> [WHAT YOU WILL DO]
Your task is to copy the lines of the data below from the line holding "Transform your garden" through the line holding "製造元でサイダーの瓶の形状が", inclusive, exactly and with nothing added.

--- DATA SHOWN Enclosed Below ---

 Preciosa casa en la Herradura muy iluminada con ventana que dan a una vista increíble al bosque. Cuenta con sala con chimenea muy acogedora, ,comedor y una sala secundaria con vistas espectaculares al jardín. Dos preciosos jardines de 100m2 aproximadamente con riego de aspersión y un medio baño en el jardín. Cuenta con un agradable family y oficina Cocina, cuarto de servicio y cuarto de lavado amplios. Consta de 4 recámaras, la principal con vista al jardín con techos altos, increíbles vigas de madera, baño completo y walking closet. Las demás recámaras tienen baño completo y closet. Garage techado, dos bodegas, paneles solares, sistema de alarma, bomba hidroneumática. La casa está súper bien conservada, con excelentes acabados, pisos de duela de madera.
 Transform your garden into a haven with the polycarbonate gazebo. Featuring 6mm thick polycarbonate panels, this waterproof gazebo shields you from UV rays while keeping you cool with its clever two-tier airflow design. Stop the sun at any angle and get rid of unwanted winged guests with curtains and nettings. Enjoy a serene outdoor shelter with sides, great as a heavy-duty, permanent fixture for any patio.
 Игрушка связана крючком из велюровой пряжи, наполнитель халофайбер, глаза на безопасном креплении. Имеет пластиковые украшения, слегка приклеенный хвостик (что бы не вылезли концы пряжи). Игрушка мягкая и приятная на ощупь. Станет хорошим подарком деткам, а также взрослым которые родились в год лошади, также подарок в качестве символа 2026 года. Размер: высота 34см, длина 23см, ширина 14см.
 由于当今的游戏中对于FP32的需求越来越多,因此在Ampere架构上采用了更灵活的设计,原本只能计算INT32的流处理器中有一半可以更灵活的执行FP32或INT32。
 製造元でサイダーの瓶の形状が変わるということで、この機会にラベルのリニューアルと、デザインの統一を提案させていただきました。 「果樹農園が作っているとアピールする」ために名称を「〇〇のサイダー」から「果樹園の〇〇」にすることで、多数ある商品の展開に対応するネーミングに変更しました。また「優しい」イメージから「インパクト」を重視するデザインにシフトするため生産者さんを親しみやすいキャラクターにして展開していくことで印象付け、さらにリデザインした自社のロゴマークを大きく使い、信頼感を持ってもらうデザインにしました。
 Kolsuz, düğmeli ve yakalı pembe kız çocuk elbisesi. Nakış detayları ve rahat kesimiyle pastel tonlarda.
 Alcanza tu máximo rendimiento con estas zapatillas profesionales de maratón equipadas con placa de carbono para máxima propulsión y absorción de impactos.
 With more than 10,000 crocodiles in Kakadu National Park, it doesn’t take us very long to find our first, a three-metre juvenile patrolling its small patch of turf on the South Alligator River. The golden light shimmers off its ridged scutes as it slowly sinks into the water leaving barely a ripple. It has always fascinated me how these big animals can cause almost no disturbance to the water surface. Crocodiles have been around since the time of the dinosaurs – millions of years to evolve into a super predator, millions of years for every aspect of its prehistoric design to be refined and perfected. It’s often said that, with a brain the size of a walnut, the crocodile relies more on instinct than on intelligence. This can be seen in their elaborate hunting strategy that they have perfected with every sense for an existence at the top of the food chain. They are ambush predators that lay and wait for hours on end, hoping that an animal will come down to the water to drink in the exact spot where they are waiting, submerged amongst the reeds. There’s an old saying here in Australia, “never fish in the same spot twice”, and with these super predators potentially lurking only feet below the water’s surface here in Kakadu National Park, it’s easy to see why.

--- End of Enclosed DATA SHOWN ---

> [SOLUTION]
 Transform your garden into a haven with the polycarbonate gazebo. Featuring 6mm thick polycarbonate panels, this waterproof gazebo shields you from UV rays while keeping you cool with its clever two-tier airflow design. Stop the sun at any angle and get rid of unwanted winged guests with curtains and nettings. Enjoy a serene outdoor shelter with sides, great as a heavy-duty, permanent fixture for any patio.
 Игрушка связана крючком из велюровой пряжи, наполнитель халофайбер, глаза на безопасном креплении. Имеет пластиковые украшения, слегка приклеенный хвостик (что бы не вылезли концы пряжи). Игрушка мягкая и приятная на ощупь. Станет хорошим подарком деткам, а также взрослым которые родились в год лошади, также подарок в качестве символа 2026 года. Размер: высота 34см, длина 23см, ширина 14см.
 由于当今的游戏中对于FP32的需求越来越多,因此在Ampere架构上采用了更灵活的设计,原本只能计算INT32的流处理器中有一半可以更灵活的执行FP32或INT32。
 製造元でサイダーの瓶の形状が変わるということで、この機会にラベルのリニューアルと、デザインの統一を提案させていただきました。 「果樹農園が作っているとアピールする」ために名称を「〇〇のサイダー」から「果樹園の〇〇」にすることで、多数ある商品の展開に対応するネーミングに変更しました。また「優しい」イメージから「インパクト」を重視するデザインにシフトするため生産者さんを親しみやすいキャラクターにして展開していくことで印象付け、さらにリデザインした自社のロゴマークを大きく使い、信頼感を持ってもらうデザインにしました。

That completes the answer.